One glitch to be aware of with either CCBs or beta blockers like propranolol is that your heart rate won't be nearly as responsive to greater demands, such as with sudden exercise.

If you're being prescribed any meds for high blood pressure, it's not a bad idea to monittor and chart your blood pressure and heart rate on a daily basis at home for the first few weeks. Such information can really help your doc fine tune your dosage. CCBs can also screw with your insulin levels, so basic blood testing isn't the worst idea.

Hope this helps.
Link Posted: 10/27/2004 11:56:46 AM EST
Thanks for the replies...I was curious as to side effects, etc. I can't believe none of the other geezers take this stuff lol.

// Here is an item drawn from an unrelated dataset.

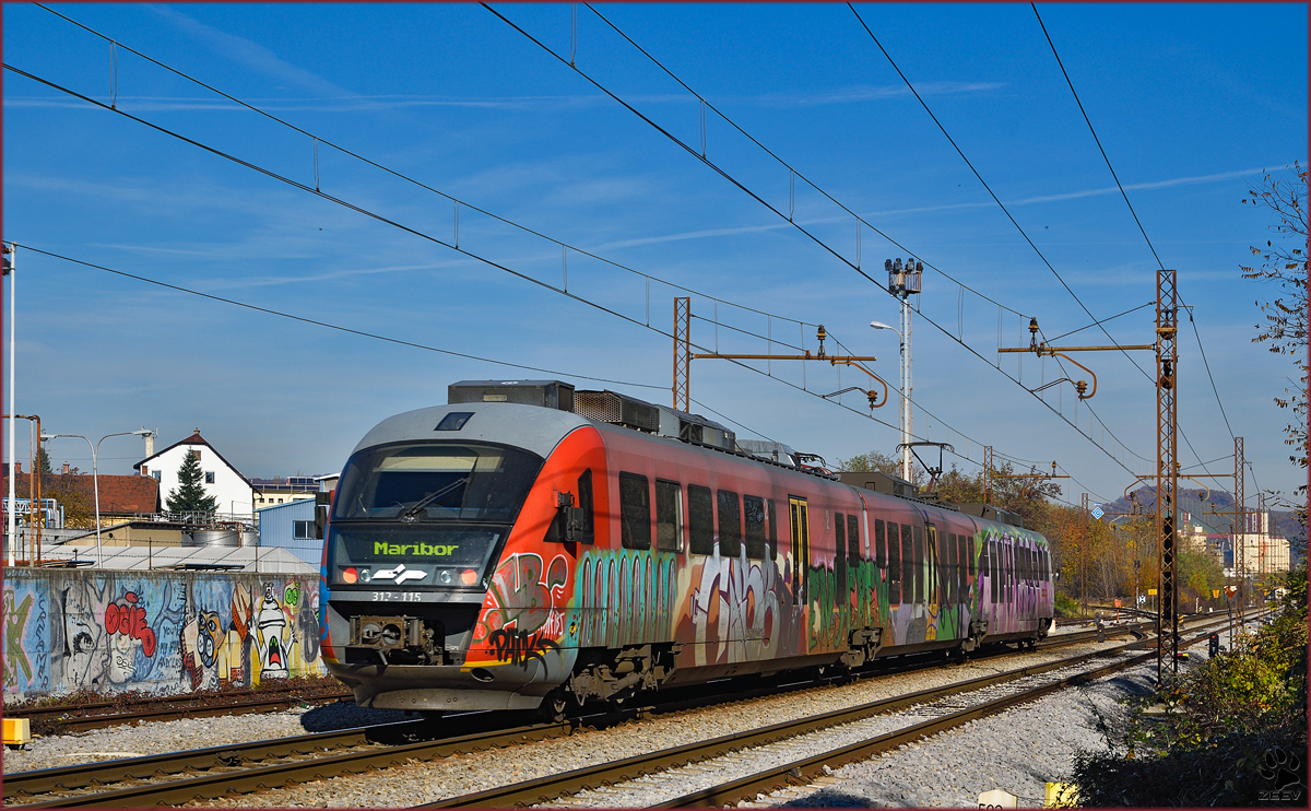SŽ 312-115 fährt durch Maribor-Tabor Richtung Maribor HBF. /6.11.2015

I've googled it, and read most of the stuff about it, but nothing beats talking to someone who has taken it for a while.

My main concern would be whether or not it causes/exacerbates things like PVCs, and whether the, uh, plumbing will still work



Link Posted: 10/27/2004 12:09:02 PM EST
[Last Edit: 10/27/2004 2:32:14 PM EST by OMETZ]
I take Cartia XT, a calcium-channel blocker, for Asynchronus Super-Ventricular Tachycardia (ASVT).

Much better than Atenolol, the Beta-Blocker I was on previously.

The one thing that I've noticed is that if I skip a dose the arythmia starts up pretty quickly afterwards.

With atenolol, it used to wear off slowly but also took more than a week to build up in my system.


Edit for spelling.
Link Posted: 10/27/2004 12:09:43 PM EST
[Last Edit: 10/27/2004 2:32:58 PM EST by OMETZ]
Oh, yeah. I was on the Attenelol Atenolol for 2, yrs. Cartia for a year and half.

Edited for sp. drug name
Link Posted: 10/27/2004 12:09:55 PM EST
It was prescribed to me for high blood pressure. It gave me a bad ass headache as well as some
very, very strange dreams. It seems that I have taken or tried the whole spectrum of blockers-
calcium, beta- for B.P. According to my doctor, there is a rather recent shift back to old school treatment of high blood pressure using diuretics.
On a side note, I used to be a rather heavy drinker. At least 12 beers a day.
One of the blocker medications that I was taking seemed to completely quench my desire to drink.
(I don't remember which one it was since it was years ago and tried so many)
Even now that I don't take blockers, I no longer have the desire to drink although I will embibe on occasion.